I think it is made worse by the fact that no one gives a shit for the people
who don't speak English in India.

------
grej
The executives and "immigration attorney" in this case showed willful
disregard for the law and the individuals they were defrauding, and in my
opinion should be subject to criminal charges. Sadly, many of the times things
like this happen instead - [http://www.law360.com/articles/632144/signal-says-
bankruptcy...](http://www.law360.com/articles/632144/signal-says-bankruptcy-
likely-before-next-trafficking-trial).

TLDR, Signal is claiming they don't have the resources to pay, trying to
declare bankruptcy, and leave the wronged to walk away with nothing (from them
at least). But rest assured, the Signal executives would be fine, financially,
in that outcome.

Even if they are not charged criminally, piecing the corporate veil in the
case of willful and malicious activity is well established, and this is
exactly the type of case where that action should be taken.

------
sremani
This is disturbing but hardly surprising.

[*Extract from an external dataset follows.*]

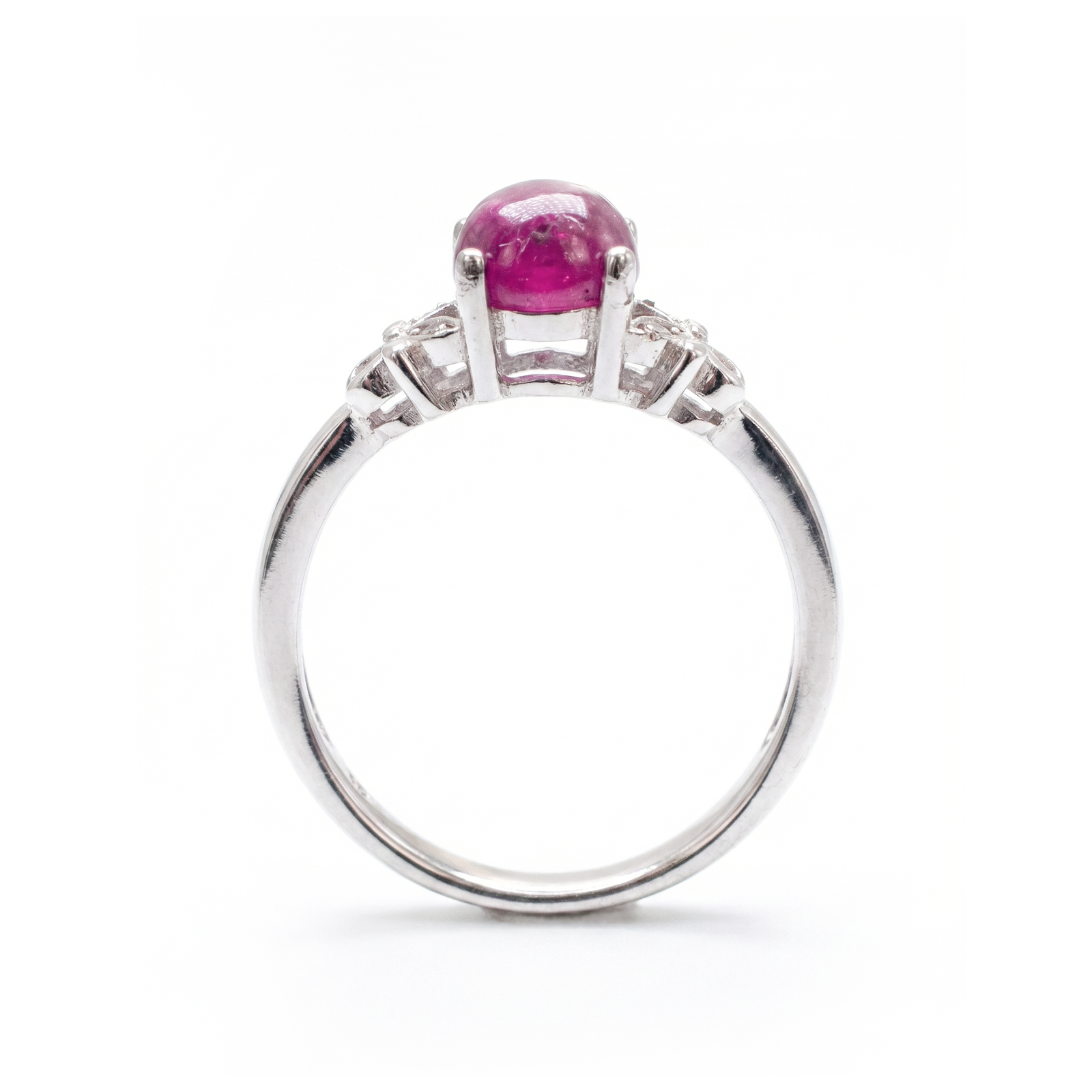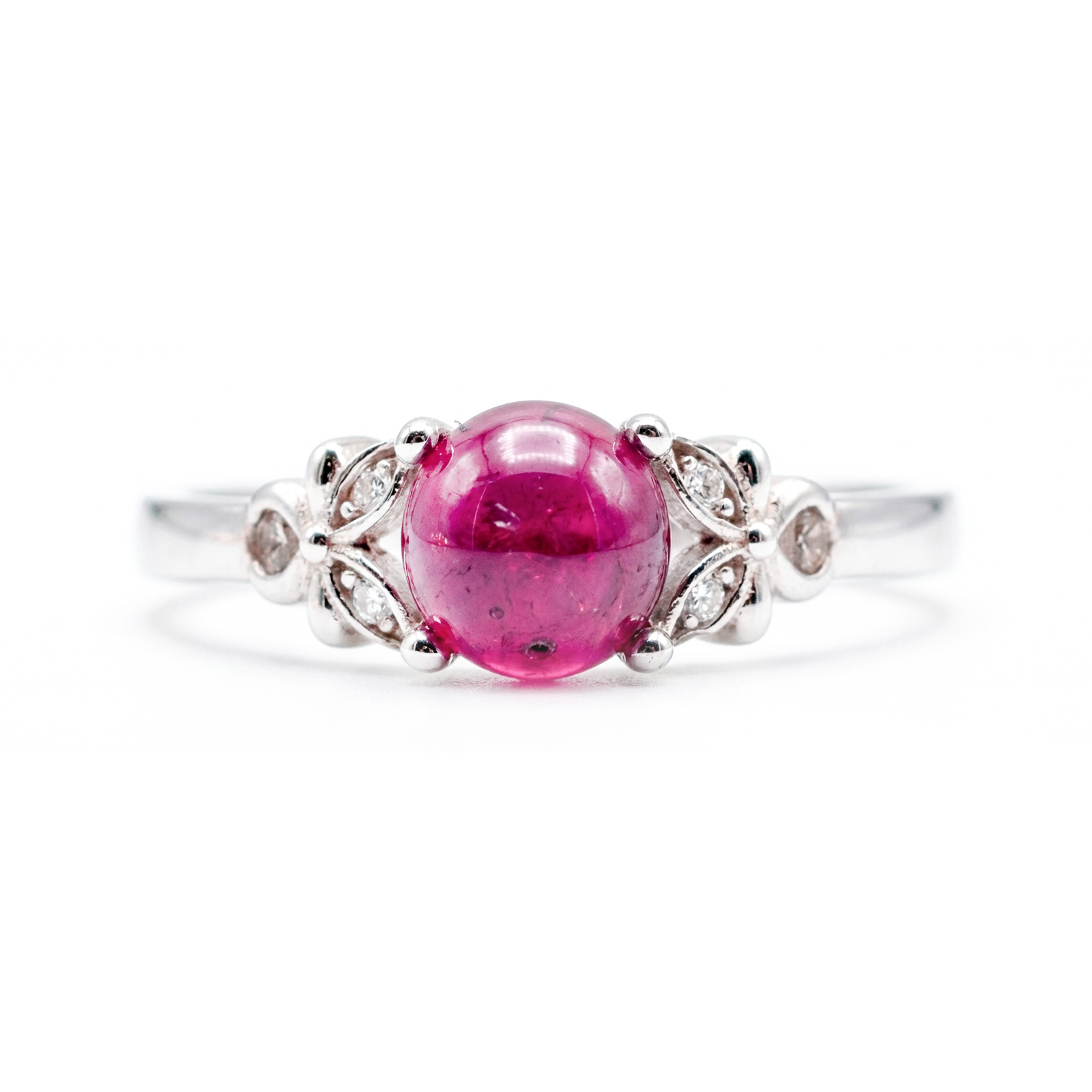 Designed for the romantic at heart, this captivating piece features a stunning cabochon-cut ruby at its center. Unlike modern faceted cuts, the domed surface of this gemstone highlights the ruby’s natural, deep raspberry-red hues and unique internal characteristics, giving it a soft, glowing, and organic beauty reminiscent of antique jewelry.

US is dotted with slave labor camps
from meat-packing towns in mid-west to underground garment factories in Los
Angeles. This is where the perpetrators use the immigration law as a tool of
their exploitation and enforcement, even if the worker involved or should I
say, especially when the worker involved is legally here. On the other hand,
the complete absence of Indian Consular services or the myriad of Indian
cultural organizations in the story is appalling.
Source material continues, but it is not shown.